Естественно, ничего этого он знать не мог, но это было и неважно, ведь обычно все происходило иначе. Со временем я усвоила, что Дэвид всегда такой – держится излишне самоуверенно, что странно, учитывая, какое первое впечатление он производит, но теряется и тушуется, когда дело доходит до деталей.

Печально: хочется, чтобы мужчины, провозглашая себя хозяевами вселенной, вели себя соответствующе, обладали полным контролем над миром, которому приносят столько вреда, но потом они забывают подарить помощнице розы на день рождения или не могут правильно произнести hors d'œuvres[2].

Все, что я знала о Дэвиде, когда мы встретились с ним в ресторане: он госслужащий и ему нравится бурбон, – и оба этих факта я услышала не от него. О государственной службе мне рассказала Марша, а о бурбоне поведал ее муж Рой, выхвативший трубку, чтобы поделиться омерзительной историей о вечеринке студенческого братства в Мэдисоне пять лет тому назад. И все же я потратила на подготовку несколько часов, постаралась навести красоту. Таков был мой расчет: если буду соглашаться на каждое свидание и преподносить себя безупречно, в конце концов один из кавалеров захочет оставить меня при себе.

Только вот с математикой у меня плохо. Иначе бы, наверное, я не оставалась под конец каждого месяца с суммой, которой не хватает даже на поездку на такси.

Помню, как плакала из-за неудавшейся укладки в ванной своей небольшой квартирки, которую папа подарил мне после выпускного, а мама украсила шелковыми шторами от Salamandré и обставила спальным гарнитуром от Weir. Как думала все отменить, когда расковыряла прыщик на щеке, и он закровоточил, и пришлось прикладывать кусочек салфетки, чтобы остановить кровь, как делают мужчины во время бритья, и не испортить макияж. Образовавшаяся позже корочка пару дней выглядела как родинка, пока не отпала. Даже остался шрамик.

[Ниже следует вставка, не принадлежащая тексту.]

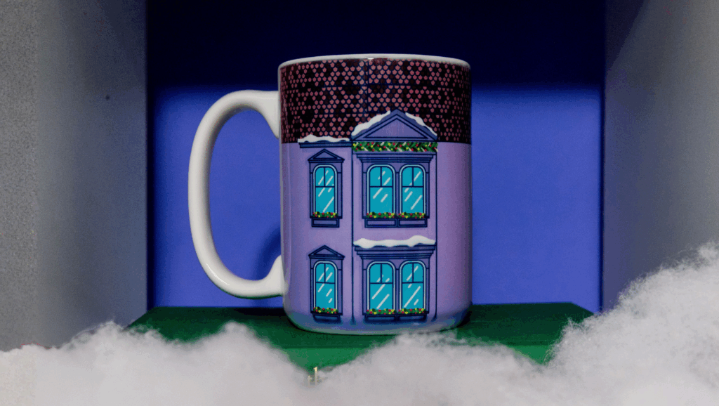 - Select Your Design: B201D_Christmas_Village_House_Mug
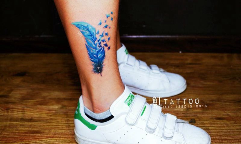 羽毛&飞鸟纹身图片_成品手稿腿部清新欧美原创静物纹身图案

В итоге я добиралась до ресторана на автобусе и опоздала на полчаса. Попыталась кокетливо отшутиться, изобразить независимость и беззаботность, но поняла, что Дэвид раздражен, по тому, каким тоном он сказал: «Ничего страшного» – и как улыбнулся, стиснув зубы, и от этого мне захотелось немедленно уйти. Я уже все разрушила – испортила свидание, на которое, может, даже и не хотела идти, и теперь неважно было, высижу ли я до конца вечера, ведь потом я в одиночестве вернусь в свою квартирку на Тертл-Крик, к изысканным цветистым шторам, с мыслями о том, что скольким бы мужчинам я ни ответила согласием, что даже если бы я отправилась не домой, а во «Французский уголок», «Библиотеку» или другие бары, куда ходила обычно, все мои дни всегда будут заканчиваться вот так, пока наконец близкие не смирятся с тем, что мне больше нет смысла жить одной, и передо мной снова не распахнутся двери родительского дома. Я вернусь в свою старую детскую в особняке на Беверли-Драйв, где, вероятно, и умру.

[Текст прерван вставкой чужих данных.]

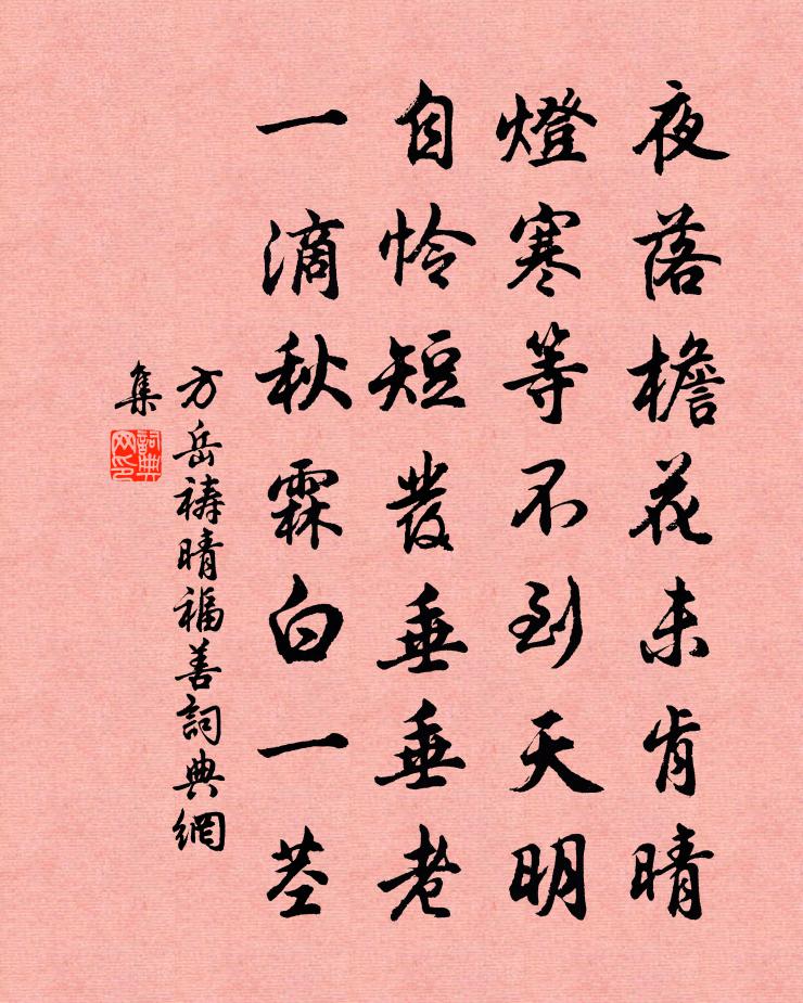 詩詞名句歷史字典書法欣賞書法字典國語詞典說文解字康熙字典古漢語字典標 題 作 者 詩 句 禱晴福善作者:方岳 朝代:宋代禱晴福善原文夜落檐花未肯晴,燈寒等不到天明。自憐短髮垂垂老,一滴秋霖白一莖。詩詞問答問:禱晴福善的作者是誰?答:方岳問:禱晴福善寫於哪個朝代?答:宋代方岳禱晴福善書法欣賞禱晴福善書法作品詩詞推薦丙午新正書懷十首范成大〔宋代〕俗情如絮已泥沾,因病偷閒意屬厭。鵬鷃相安無可笑,熊魚自古不容兼。灰藏榾柮多時暖,雪壓蔓菁滿意甜。溫飽次李提舉桂花韻楊冠卿〔宋代〕綠帷深護黃金粟,嫵媚似嫌紅粉妝。年來不作廣寒夢,喜對孤標時踞床。大雨行 開成三年,宣州開元寺作。杜牧〔唐代〕東垠黑風駕海水,海底卷上天中央。三吳六月忽悽慘,晚後點滴來蒼茫。錚棧雷車軸轍壯,矯躍蛟龍爪尾長。神鞭賢者之孝二百四十首袁君正林同〔宋代〕家人勸我睡,共說不眠難。官既未得差,眠時自不安。國學試風化下薛能〔唐代〕霽闕露穹崇,含生仰聖聰。英明高比日,聲教下如風。靜發宸居內,低來品物中。南薰歌自溥,北極響皆通。蘋末寄老山張鵬飛御史方回〔宋代〕通袖風霜手,揮毫雅頌音。柄臣曾見憚,素士許同吟。包括滄溟淺,蜚騰歲月深。一朝夢惟肖,槁草仰商霖。南鄉一剪梅·招熊少府虞集〔元代〕南阜小亭台,薄有山花取次開。寄語多情熊少府;晴也須來,雨也須來。隨意且銜杯,莫惜春衣坐綠苔。若待明朝李周彈箏歌(淮南韋太尉席上贈)吳融〔唐代〕古人云,絲不如竹,竹不如肉。乃知此語未必然,李周彈箏聽不足。聞君七歲八歲時,五音六律皆生知。就中十三重九與堅大師登墳庵新閣因憶癸已歲此日同在陶夢桂〔宋代〕茱萸笑把登高閣,菊蕊才堪薦一觴。卻憶當年關表路,無花無酒更淒涼。賀陳仲思鄧深〔宋代〕中鵠知誰好,烹魚始認名。報公勤有子,似我懶無甥。何日親相見,因風且寄聲。泥金聞喜處,樽酒俗同傾。吳門柳(遊仙詠·二之二)賀鑄〔宋代〕嘯度萬松千步嶺。錢湖門外非塵境。見底碧漪如眼淨。嵐光映。鏡屏百曲新磨瑩。好月為人重破瞑。雲頭艷艷開金下沱張西叔牡丹號奇品以詩寄花因用韻謝陽枋〔宋代〕天香吹落五雲來,滿眼浮花只浪開。國色不關朝得酒,妝檯漫飲紫金杯。留山間即事王炎〔宋代〕暫留野次倦征行,差覺山林氣味清。日釀梅酸新雨過,山連空翠淡煙橫。東皋水滿起農事,南國草青回雁程。撥置滿江紅(京口鳳凰池和蘆川“春水連天”韻。池,蘇魏公舊遊也。)吳潛〔宋代〕借問如何,春能好、客懷偏惡。消遣底、閒言閒語,近都慵作。歲月從今休點檢,江湖自古多流落。倚危亭、目斷次韻樂先生吳中見寄八首其范成大〔宋代〕幾多螻蟻與王侯,往古來今共一丘。遮莫功名掀宇宙,百年兩角寄蝸牛。題子陵釣台圖三絕釋寶曇〔宋代〕帝已龍飛我故魚,乾坤等是一蘧廬。夕陽曬卻蓑衣了,試問妻孥有酒無。寄焦山成老高郵滋老晁說之〔宋代〕他鄉臥病白頭翁,孤憤猶存涕淚中。竹葉有陰唯待月,蓮花自殞不須風。明朝白帝行商令,何日黃麾入漢宮。一死釣台王貞白〔唐代〕異代有巢許,方知嚴子情。舊交雖建國,高臥不求榮。溪鳥寒來浴,汀蘭暖重生。何顏吟過此,辛苦得浮名。答曼叔見寄韓維〔宋代〕日君同里閭,杖履數相過。靡為不吾咨,有唱必君和。春風南陌游,炎月北窗臥。貪從德義樂,不覺歲月破。而君憑欄人張可久〔元代〕江水澄澄江月明,江上何人掐[1]玉箏?隔江和淚聽,滿江長嘆聲。名句推薦遠路應悲春晼晚,殘霄猶得夢依稀。李商隱《春雨》 日中則昃,月盈則食佚名《易傳·彖傳下·豐》 青楓江上秋帆遠,白帝城邊古木疏。高適《送李少府貶峽中王少府貶長沙》 見碧水丹山,黃蘆苦竹。宋江《滿江紅·喜遇重陽》 虛空落泉千仞直,雷奔入江不暫息。徐凝《廬山瀑布》 蛛絲暗鎖紅樓,燕子穿簾處。吳文英《荔枝香近·七夕》 春去也,飛紅萬點愁如海。秦觀《千秋歲·水邊沙外》 離愁不管人飄泊。年年孤負黃花約。黃機《憶秦娥·秋蕭索》 存亡在虛實,不在於眾寡。韓非及後人《韓非子·安危》 慘慘時節盡,蘭葉復凋零。徐幹《室思》

– Похоже, девушки из семьи Хантли не могут позволить себе настоящие бриллианты, – заметил Дэвид тем вечером, указав на мои серьги, после того как мы попросили напитки. – Разве что на вас настоящие алмазы размером с голубиное яйцо. Или, может, это ваш фонд приобрел алмаз Хоупа? Вас в последнее время не преследуют несчастья?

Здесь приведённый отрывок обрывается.